(Stored entries)
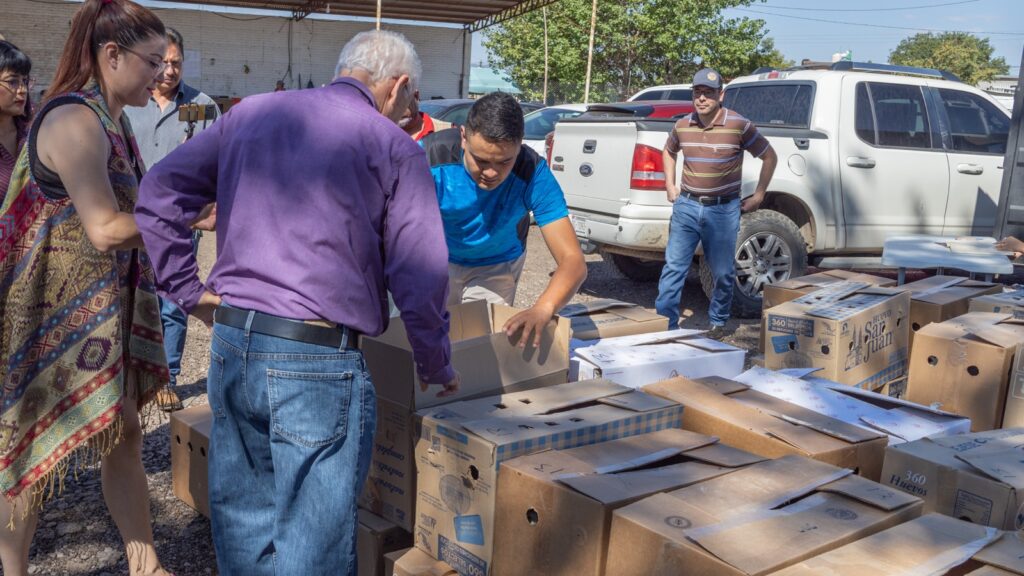 Cd. Cuauhtémoc, Chih.- El presidente municipal Beto Pérez encabezó arranque del programa “Producción de Huevo de Traspatio”, en beneficio de 40 familias de todo el municipio, principalmente de comunidades, quienes recibieron paquetes de 50 pollitas de alta postura, cuya inversión total asciende a los 260 mil pesos.
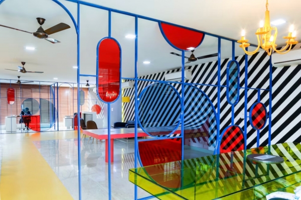 Los colores audaces y los extravagantes acentos de muebles de oficina en la partición enfatizan la identidad de un equipo creativo dinámico.
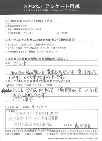 お車のご相談・ 査定だけでもOK! カンタン 入力 30秒 アップルがブランド買取始めました! お電話でも受付中! 受付時間10:00 ~ 18:30 0120-665-977 お車のご相談・ 査定だけでもOK! カンタン 入力 30秒 アップルがブランド買取始めました! お電話でも受付中! 受付時間10:00 ~ 18:30 0120-665-977 アップルがブランド買取始めました! お電話でも受付中! 受付時間10:00 ~ 18:30 0120-665-977 店舗情報 在庫車 スタッフ紹介 ブログ お客様の声 キャンペーン お得 無料査定 click お客様の声 ご記入日: 2016/03/21 F・O様 ポルテ雨の日や風の強い日 買い物とか行っても乗りおりがしやすくとても乗りやすかったです。とても対応がよくて笑顔でいれたのでここに来てよかったです。 前へ 次へ お客様の声一覧を見る
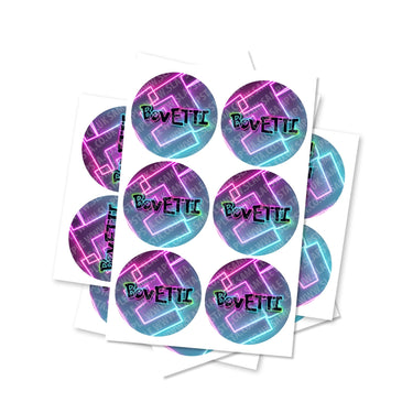 Autocollants circulaires en vinyle brillant Bovetti de haute qualité. Veuillez choisir la taille et la quantité souhaitées dans le menu déroulant.
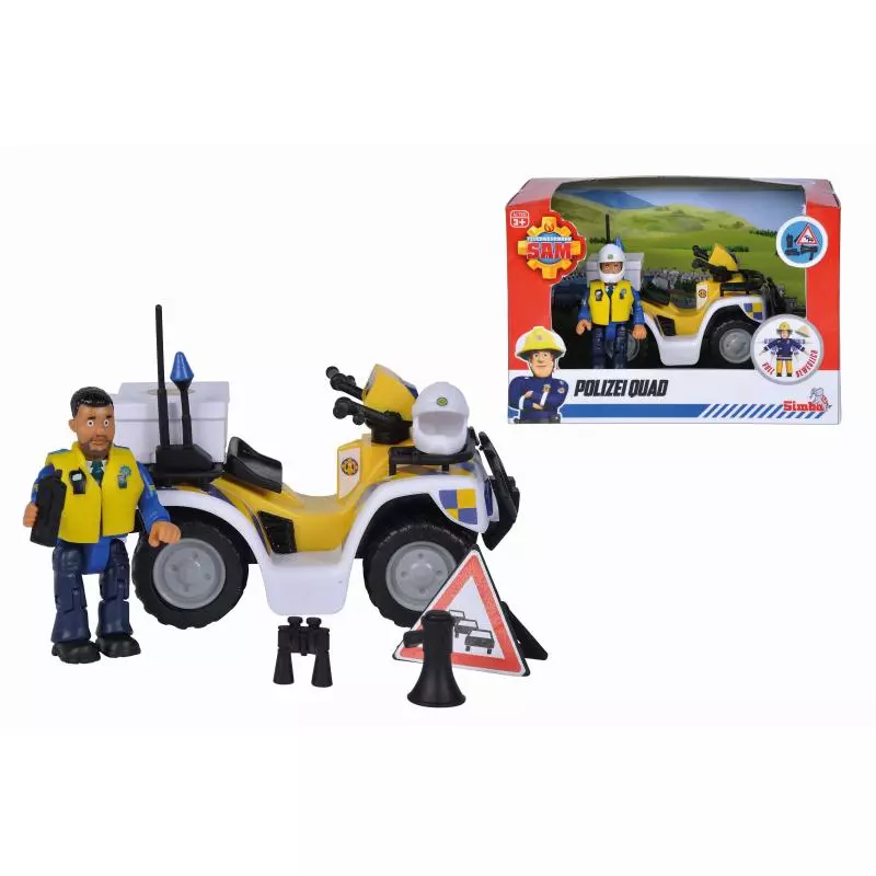 Policjant Malcolm może błyskawicznie odpowiedzieć na wezwanie pomocy swoim policyjnym quadem! Biały quad posiada niebieskie i żółte dekoracje w formie naklejek. Pojazd jest wiernym odwzorowaniem pierwowzoru z bajki.
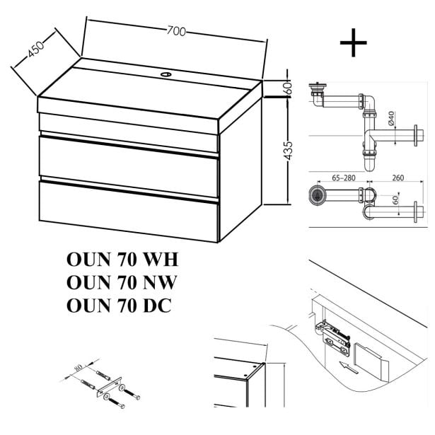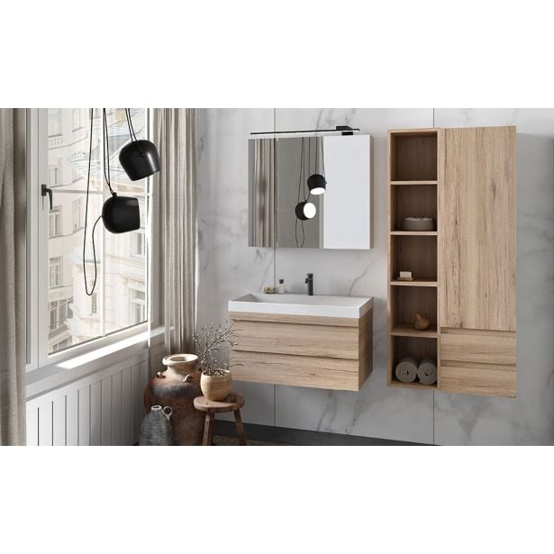 Kopalniška omarica z umivalnikom Kolpa san OUN 70 NW iz linije Naomi je izdelana v barvi naravnega lesa. Kopalniška omarica se montira na steno. Dimenzija visoke kopalniške omarice ( Š x V x G) 700 x 435+60 x 450 mm.
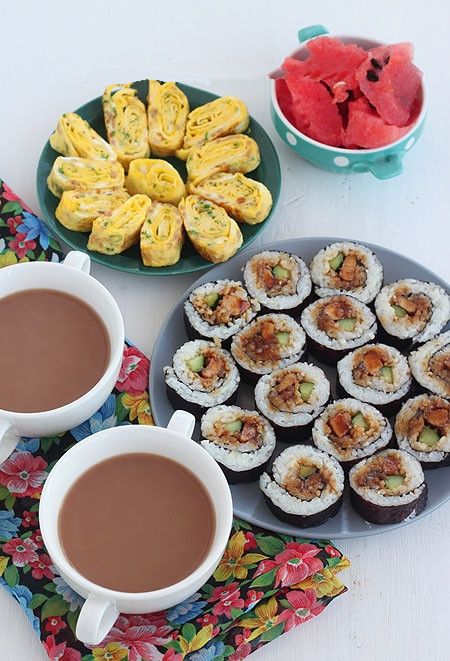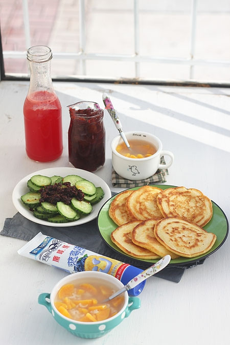 18、晚上睡觉前将面糊和好早晨已发酵好,做了超级松软的玉米饼(不过这次我没放糖,放了一个鸡蛋和一大勺奶粉),抹自己熬的果酱或者蓝莓炼乳、奶酪吃;煮了红薯粥;拌了小黄瓜;水果是鲜榨的西瓜汁!
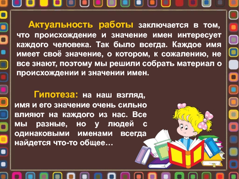 Слайд 3Актуальность работы заключается в том, что происхождение и значение имен
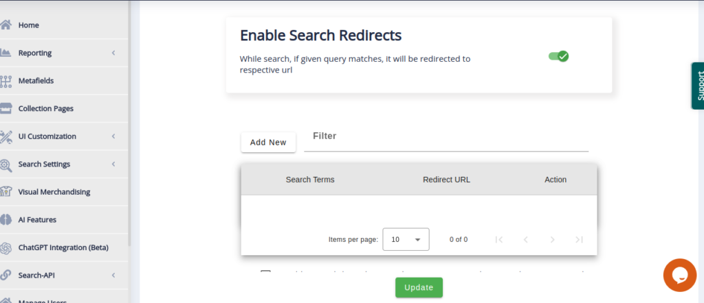 - Search Redirects: While search, if given query matches, it will be redirected to respective url.
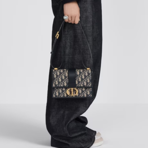 The bag enhances the 30 Montaigne line with a timeless and elegant design crafted in blue Dior Oblique jacquard. The flap has an antique gold-finish metal CD clasp, inspired by the seal of a Christian Dior perfume bottle. Other details, like the embossed 30 Montaigne signature on the back and the military-inspired buckle, highlight the streamlined design. Featuring an adjustable leather shoulder strap, the small 30 Montaigne bag can be carried by hand, worn over the shoulder or crossbody.
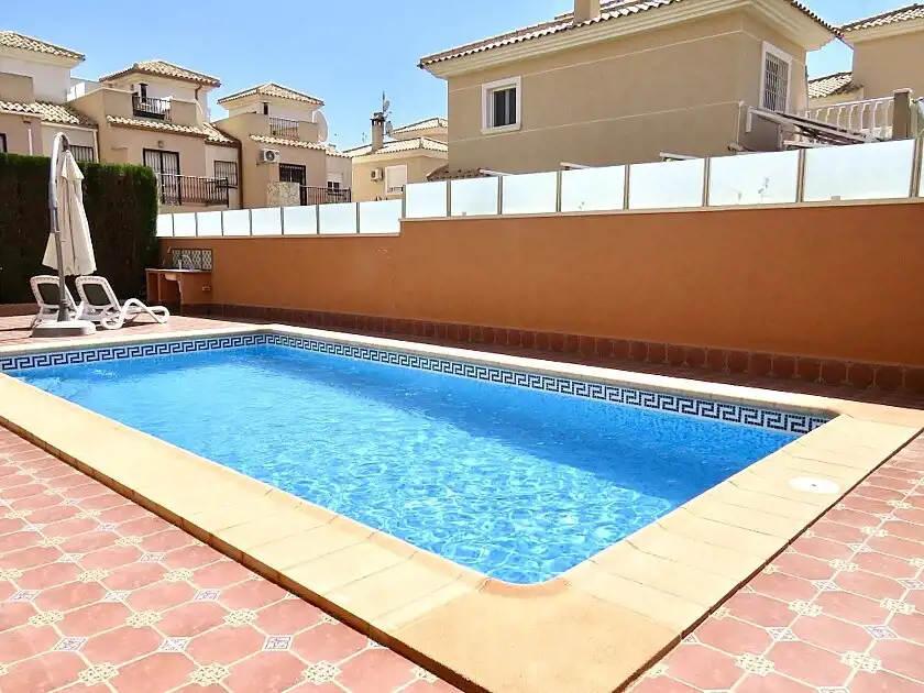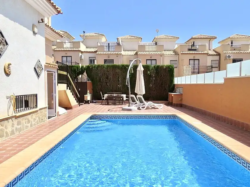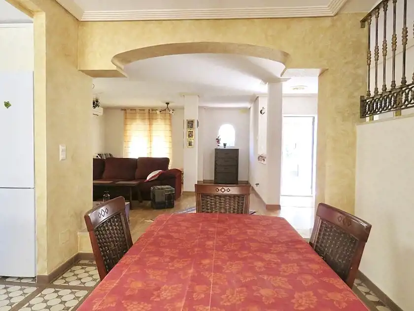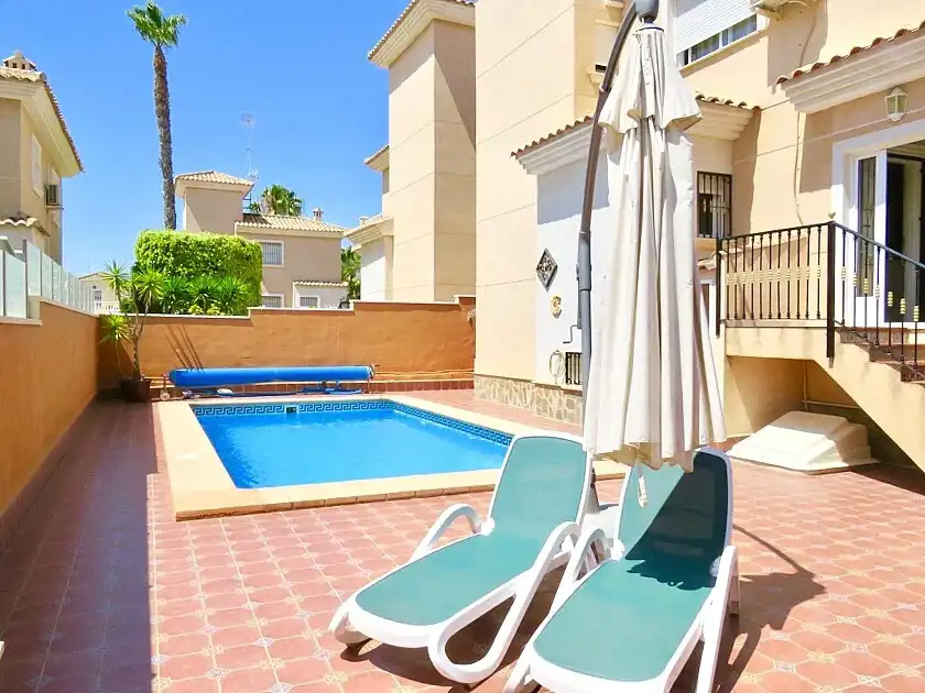 Przestronna wolnostojąca willa z 3 sypialniami i 3 łazienkami w Los Altos, z prywatnym basenem i ogrodem, położona w prywatnej dzielnicy mieszkalnej ze wspólnym basenem. Ten dom ma 3 sypialnie, 3 łazienki, salon-jadalnię z kominkiem, kuchnię i salon-jadalnię. W piwnicy znajduje się kolejny duży salon, sauna z toaletą i prysznicem, taras oraz garaż. Jest w bardzo dobrym stanie, jest sprzedawane z meblami i sprzętem AGD, klimatyzacją i ogrzewaniem podłogowym w kuchni. Położony w pobliżu centrów handlowych z supermarketami, restauracjami, barami i innymi usługami. Kilka minut od plaż Punta Prima, Playa Flamenca i La Zenia, 5-10 minut autem do czterech pól golfowych, Torrevieja i centrum handlowego Zenia Boulevard.
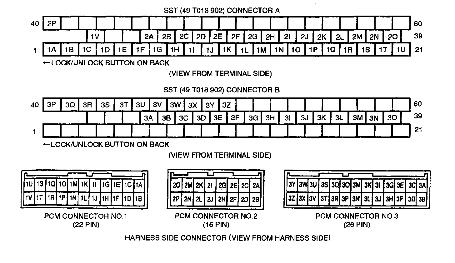 4. Connect the SST (ESM adapter harness) between the PCM and the vehicle harness connectors.
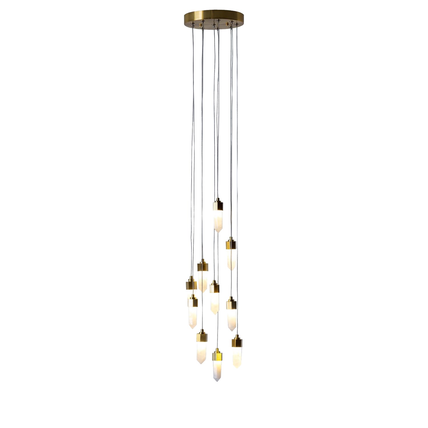 The Leo Chandelier-20 Drop Rectangle is made from gorgeous hand polished natural quartz crystal paired with soft satin brass, the Leo Collection turns any space into a work of art.Read More
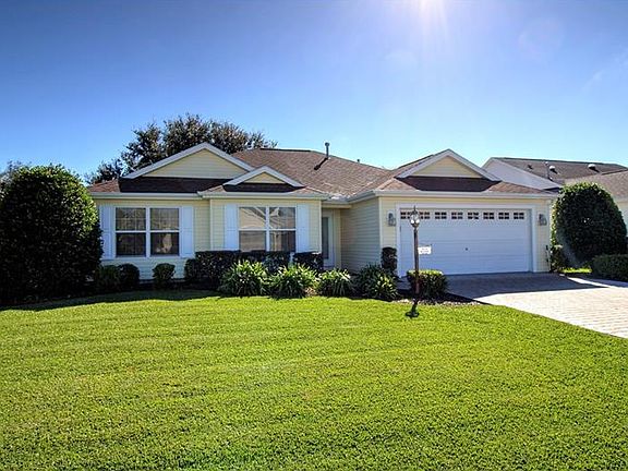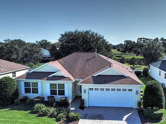 NO BOND on this Beautiful WHISPERING PINE Designer home with GOLF VIEW! This one-owner home is immaculate and very bright. Enjoy the serenity of the golf view from your spacious screened lanai, or outside patio. The OPEN Layout of this home is ideal for entertaining. The Kitchen, which was customized, features STEPPED-UP Cabinets, an abundance of Cabinets and Counters, Island, NATURAL GAS and the Refrigerator is just a year old! The cozy Breakfast Nook has Bay Windows with a wonderful view of the Golf Course. The main living area flows seamlessly from the Kitchen, adding to the SPACIOUS feel of this lovely home. There are Sliders from the Living Room to the Tiled Lanai - likely to be a favorite place of enjoyment. The Master Suite has a Large Walk-in Closet and the roomy Private bath has Dual sinks and Walk-in Tiled Shower. The Guest Bedrooms (one does not have a closet) and Bath will surely make your guests feel welcome! The Inside Laundry has extra Cabinets and Utility Tub. This home has many extras, such as PAVER Drive/Walkway, A/C REPLACED 2015, Solar Tubes, Attic Stairs, Painted Garage Floor, and Architectural Shingles! Located in the Village of Briar Meadow North (the "Quieter" side of The Villages) you are close to Lopez CC, Mulberry Rec. Ctr., Major shopping and medical! To view a Walking Video Tour, click on the "tour" button above the main photo. Tax line reflects property taxes only. CDD line reflects combination of annual maint. $501.25, fire $194.31 and waste/stormwater $97.57.

• Task goal:
Reproduce the records in full and leave the images behind.

• Written reply:
 Cd. Cuauhtémoc, Chih.- El presidente municipal Beto Pérez encabezó arranque del programa “Producción de Huevo de Traspatio”, en beneficio de 40 familias de todo el municipio, principalmente de comunidades, quienes recibieron paquetes de 50 pollitas de alta postura, cuya inversión total asciende a los 260 mil pesos.
 Los colores audaces y los extravagantes acentos de muebles de oficina en la partición enfatizan la identidad de un equipo creativo dinámico.
 お車のご相談・ 査定だけでもOK! カンタン 入力 30秒 アップルがブランド買取始めました! お電話でも受付中! 受付時間10:00 ~ 18:30 0120-665-977 お車のご相談・ 査定だけでもOK! カンタン 入力 30秒 アップルがブランド買取始めました! お電話でも受付中! 受付時間10:00 ~ 18:30 0120-665-977 アップルがブランド買取始めました! お電話でも受付中! 受付時間10:00 ~ 18:30 0120-665-977 店舗情報 在庫車 スタッフ紹介 ブログ お客様の声 キャンペーン お得 無料査定 click お客様の声 ご記入日: 2016/03/21 F・O様 ポルテ雨の日や風の強い日 買い物とか行っても乗りおりがしやすくとても乗りやすかったです。とても対応がよくて笑顔でいれたのでここに来てよかったです。 前へ 次へ お客様の声一覧を見る
 Autocollants circulaires en vinyle brillant Bovetti de haute qualité. Veuillez choisir la taille et la quantité souhaitées dans le menu déroulant.
 Policjant Malcolm może błyskawicznie odpowiedzieć na wezwanie pomocy swoim policyjnym quadem! Biały quad posiada niebieskie i żółte dekoracje w formie naklejek. Pojazd jest wiernym odwzorowaniem pierwowzoru z bajki.
 Kopalniška omarica z umivalnikom Kolpa san OUN 70 NW iz linije Naomi je izdelana v barvi naravnega lesa. Kopalniška omarica se montira na steno. Dimenzija visoke kopalniške omarice ( Š x V x G) 700 x 435+60 x 450 mm.
 18、晚上睡觉前将面糊和好早晨已发酵好,做了超级松软的玉米饼(不过这次我没放糖,放了一个鸡蛋和一大勺奶粉),抹自己熬的果酱或者蓝莓炼乳、奶酪吃;煮了红薯粥;拌了小黄瓜;水果是鲜榨的西瓜汁!
 Слайд 3Актуальность работы заключается в том, что происхождение и значение имен
 - Search Redirects: While search, if given query matches, it will be redirected to respective url.
 The bag enhances the 30 Montaigne line with a timeless and elegant design crafted in blue Dior Oblique jacquard. The flap has an antique gold-finish metal CD clasp, inspired by the seal of a Christian Dior perfume bottle. Other details, like the embossed 30 Montaigne signature on the back and the military-inspired buckle, highlight the streamlined design. Featuring an adjustable leather shoulder strap, the small 30 Montaigne bag can be carried by hand, worn over the shoulder or crossbody.
 Przestronna wolnostojąca willa z 3 sypialniami i 3 łazienkami w Los Altos, z prywatnym basenem i ogrodem, położona w prywatnej dzielnicy mieszkalnej ze wspólnym basenem. Ten dom ma 3 sypialnie, 3 łazienki, salon-jadalnię z kominkiem, kuchnię i salon-jadalnię. W piwnicy znajduje się kolejny duży salon, sauna z toaletą i prysznicem, taras oraz garaż. Jest w bardzo dobrym stanie, jest sprzedawane z meblami i sprzętem AGD, klimatyzacją i ogrzewaniem podłogowym w kuchni. Położony w pobliżu centrów handlowych z supermarketami, restauracjami, barami i innymi usługami. Kilka minut od plaż Punta Prima, Playa Flamenca i La Zenia, 5-10 minut autem do czterech pól golfowych, Torrevieja i centrum handlowego Zenia Boulevard.
 4. Connect the SST (ESM adapter harness) between the PCM and the vehicle harness connectors.
 The Leo Chandelier-20 Drop Rectangle is made from gorgeous hand polished natural quartz crystal paired with soft satin brass, the Leo Collection turns any space into a work of art.Read More
 NO BOND on this Beautiful WHISPERING PINE Designer home with GOLF VIEW! This one-owner home is immaculate and very bright. Enjoy the serenity of the golf view from your spacious screened lanai, or outside patio. The OPEN Layout of this home is ideal for entertaining. The Kitchen, which was customized, features STEPPED-UP Cabinets, an abundance of Cabinets and Counters, Island, NATURAL GAS and the Refrigerator is just a year old! The cozy Breakfast Nook has Bay Windows with a wonderful view of the Golf Course. The main living area flows seamlessly from the Kitchen, adding to the SPACIOUS feel of this lovely home. There are Sliders from the Living Room to the Tiled Lanai - likely to be a favorite place of enjoyment. The Master Suite has a Large Walk-in Closet and the roomy Private bath has Dual sinks and Walk-in Tiled Shower. The Guest Bedrooms (one does not have a closet) and Bath will surely make your guests feel welcome! The Inside Laundry has extra Cabinets and Utility Tub. This home has many extras, such as PAVER Drive/Walkway, A/C REPLACED 2015, Solar Tubes, Attic Stairs, Painted Garage Floor, and Architectural Shingles! Located in the Village of Briar Meadow North (the "Quieter" side of The Villages) you are close to Lopez CC, Mulberry Rec. Ctr., Major shopping and medical! To view a Walking Video Tour, click on the "tour" button above the main photo. Tax line reflects property taxes only. CDD line reflects combination of annual maint. $501.25, fire $194.31 and waste/stormwater $97.57.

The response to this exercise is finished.